Update Please check our latest blog for the latest developments in 360 video encoding

I recently compared the encoding settings used by several leading VR distribution platforms, including YouTube, Jaunt, Littlstar and Samsung VR. The conclusion: apart from YouTube, all of these major platforms still rely on the 14 year old (!!) H.264/AVC codec, instead of the more recent and much more efficient H.265/HEVC or VP9 codecs, resulting in larger file sizes and lower image quality. It’s about time to shed some light on the pros and cons of these and other advanced codecs, and explore what the future of video encoding looks like. Let’s go!

What’s wrong with H.264?

We have to start this journey by exploring why we believe H.264 has seen it’s best days, because what is there not to like? H.264 video runs smoothly on nearly any device imaginable (even iPhones), because it has been around for ages and so hardware support is ubiquitous. It is also very quick to encode videos to H.264, saving you hours of precious render time.

However, the reason it is so fast to encode videos to H.264 is also the reason why these videos have a HUGE file size: this 14 year old codec is not that complex, making it fast, but therefore not so efficient at compressing video!

On top of that, H.264 does not support resolutions over 4K (4096×2304 pixels is the maximum implemented in many pieces of video software, although it’s not a hard limit of the codec), something which is problematic even for the current generation of stereoscopic 360º workflows, where 4096×4096 files are common. So 6K and 8K resolutions, which the next generation of VR cameras promise to deliver, are definitely out of the question with H.264.

Finally, and most importantly, the image quality of H.264 is just not very good. Black often ends up looking gray, and blocky encoding artefacts are very common when the bitrate is a tad too low.

So now that we’ve bashed this golden oldie, let’s look at what some of the modern alternatives have to offer.

H.264 + 1 = H.265

H.264’s younger brother H.265, often called HEVC for High Efficiency Video Codec, offers a massive improvement in compression efficiency. In fact, HEVC files are generally 50% (!!) smaller in file size than the same video encoded as H.264, with the same visual quality!
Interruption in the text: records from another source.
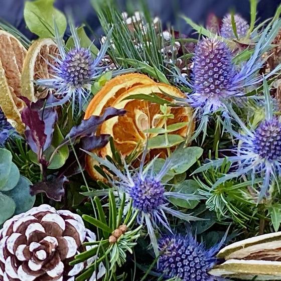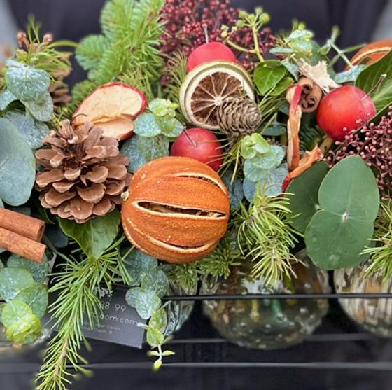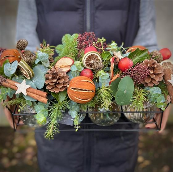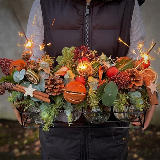 A winter spicy twist on our ever popular Blooming Marvellous bottle set including fragrant seasonal foliage, pine cones, dried oranges and more to bring the scent of Winter into the home. We may use a selection of dried and fresh materials, designs and bottle sets may vary from those shown on picture. This is a compact design, average stem length is approximately 8-12cm. You may add LED lights to make it more festive from the list below. Sparklers not included. Tray lengths, shapes and sizes vary between approximately 20-40cm.
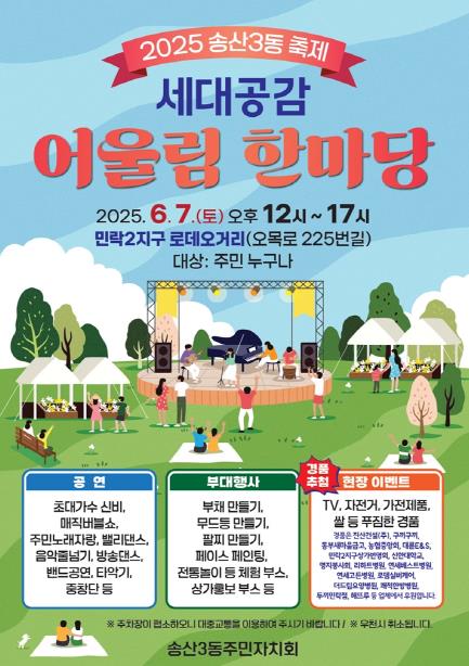 주민 노래자랑, 전통놀이 및 어린이 대상 체험 부스, 문화공연, 자매결연지 직거래장터 등 ‘세대공감 어울림’이라는 주제에 맞게 어린이부터 노인까지 모든 세대가 함께 즐길 수 있는 다채로운 프로그램이 준비돼 있다.
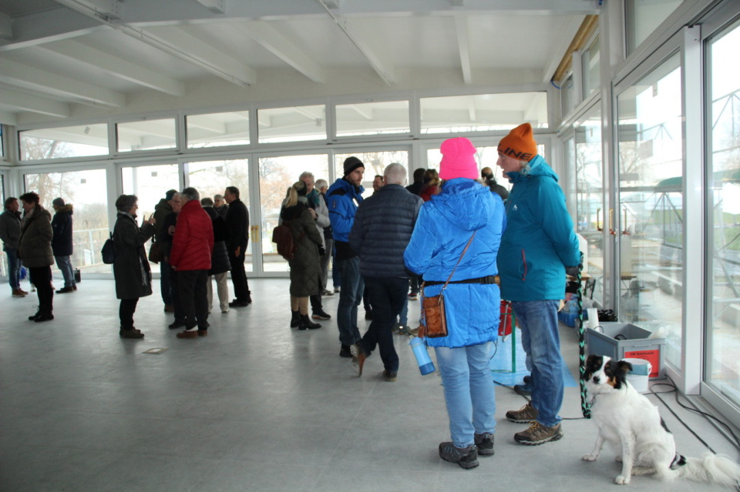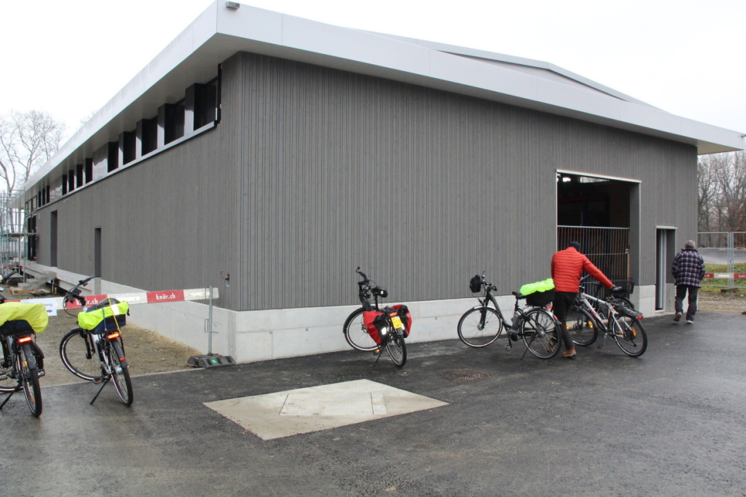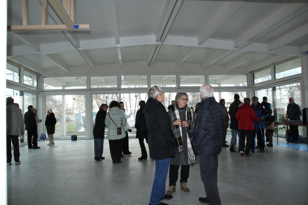 Bei Kaffee oder Punsch und Gipfeli standen die Besucher zusammen, begutachteten das Ganze oder schmiedeten Zukunftspläne. In der Nische, in der später Tische, Stühle und Bänke vor und nach Gebrauch verstaut werden, hingen Dokumentationen und Pläne von der Bauphase. Die Küche wird noch mit Geräten und Schiebewänden ausgestattet, sodass an der Einweihung am 9. Mai auch diese genutzt werden kann.

Besides, colors look better, artefacts are less pronounced, and it supports resolutions up to 8K (8192×4320).

This should be enough reason for everyone to make the switch to HEVC, right?! Well, not so fast..

Despite the incredible compression of HEVC, this codec is not widely supported yet, apart from relatively new Android devices (which have support since Android 5.0), which is why many 360º video producers use HEVC to play back their content on the Samsung Gear VR headset.
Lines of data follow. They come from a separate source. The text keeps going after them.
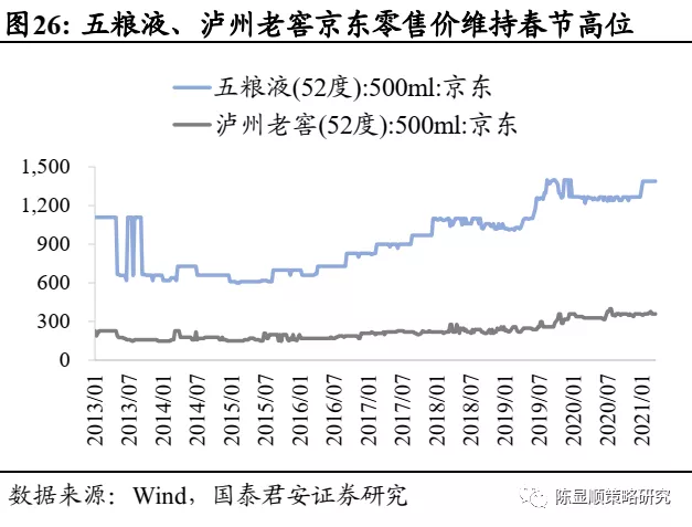 白酒:白酒价格稳定运行。京东零售价格显示截至3月23日,五粮液、泸州老窖价格仍然维持在春节水平,五粮液(52°)维持1389元/瓶的价格,泸州老窖(52°)价格较维持在358元/瓶的水平。
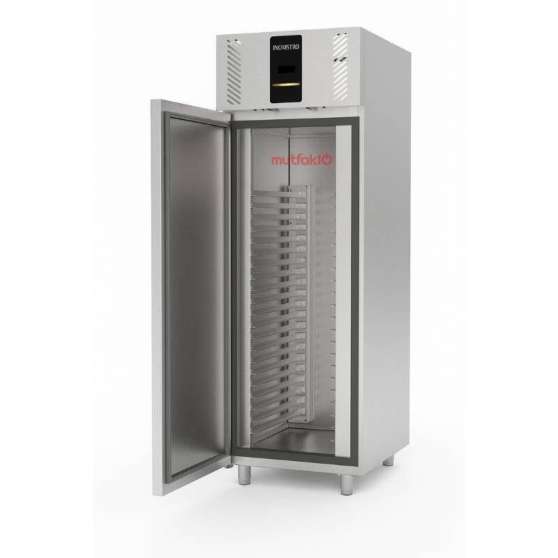 Ndustrio pastane dolabı, 43°C’ye kadar tropikal şartlarda dahi yüksek performans gösterir. Dayanıklı paslanmaz çelik iç ve dış gövdesi ile uzun ömürlü kullanım sunar. Kapılarda yer alan yoğuşma önleyici rezistanslar ve otomatik kapanabilen 90° menteşe sistemi, hijyen ve enerji verimliliği açısından büyük avantaj sağlar.
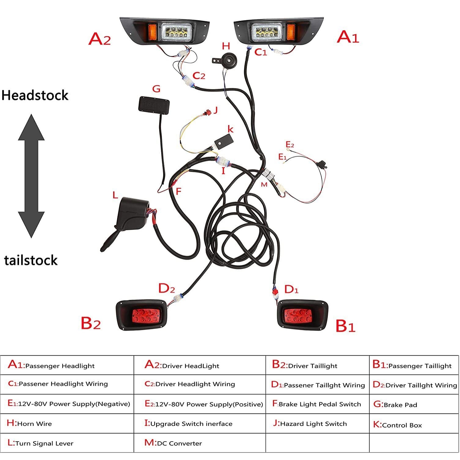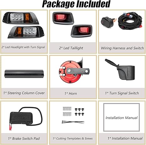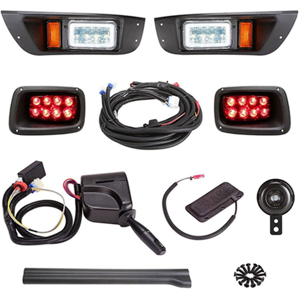 - Our Full LED Light Kit includes a bumper-mounted amber LED turn signal headlight, two LED tail lights, a horn, wiring harness, fuse harness, standard turn signal switch, steering wheel cover, hazard switch, brake pedal, controller, and installation manual.

HEVC is not supported on iOS devices and it plays terrible on most PCs, which makes it nearly impossible to review your Gear VR export until it’s copied to your Samsung. On top of that, you can’t upload an HEVC encoded video to YouTube, because it’s not supported as an input format, and chip makers are only now coming out with HEVC enabled hardware, even though the codec was published in 2013 already.

So why this slow adoption of this otherwise brilliant codec? Two related words: money and patents.
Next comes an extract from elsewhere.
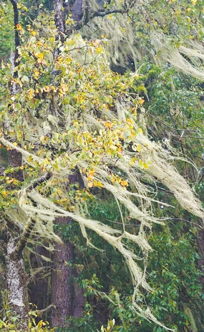 “那是‘树胡子’!”向导王国仙说,“它是藻类和真菌的共生体,枝状地衣的一种。”
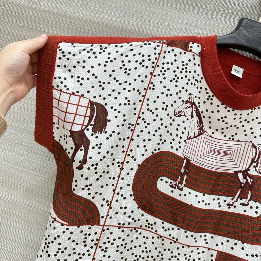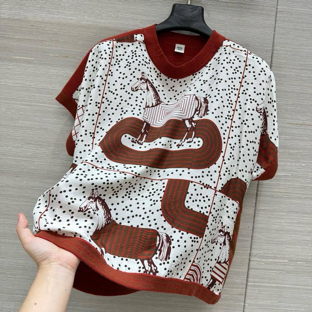 Футболка Hermes LUX-115982 представляет собой стильную вещь от известного бренда. Основной цвет футболки — белый, с рисунком в виде лошадей и темно-коричневым обрамлением воротника и рукавов. Дизайн подходит для создания элегантных образов в повседневной жизни.

The license fees for using the HEVC codec in hardware and/or software “are many times higher than what licensees paid for H.264 for the past decade”, and few companies dared to make this humongous investment before they were 100% sure HEVC would become the new industry standard.

These high license fees are partially explained by the fact that H.264 has one patent pool, while HEVC has two patent pools that want to see money. Also, having an additional patent pool does not only cost more money, it also poses a significantly increased risk of parties suing each other for patent infringement, which is yet another reason for companies to avoid HEVC..

Another thing to consider is that new codecs like HEVC usually make a trade-off between compression versus complexity, resulting in much smaller file sizes at the cost of slower encoding and more power required for playback.

Luckily, chip makers like Nvidia are releasing SDKs which allow hardware accelerated encoding and decoding of HEVC video, which promises to significantly speed things up, but only for devices with an Nvidia GPU in it. However, I have yet to come across a phone sporting an Nvidia 1080 Ti, so until then, these performance improvements are limited to PCs. The Nvidia hardware encoding SDK still has some bugs as well, where it does not encode the height of a video correctly when you use hardware accelerated encoding in combination with scaling the resolution, as I mentioned in my FFmpeg cheat sheet for 360 video.

In short, HEVC is an amazing codec which is unfortunately not yet widely supported, and which has several things working against it becoming the new industry standard (read: costs and patents).

Google to the rescue

Google owns YouTube, and since YouTube has a ton of videos on it, it would quickly become extremely expensive to either:

  1. Stream all these videos as large H.264 files
  2. Or to pay the enormous license fees of HEVC

So Google thought: “We have some smart people working here and we have loads of cash, so let’s buy a little compression company and build a royalty free codec ourselves!” And this is exactly what happened when Google purchased On2, together with their VP8 codec, for $106 million back in 2009.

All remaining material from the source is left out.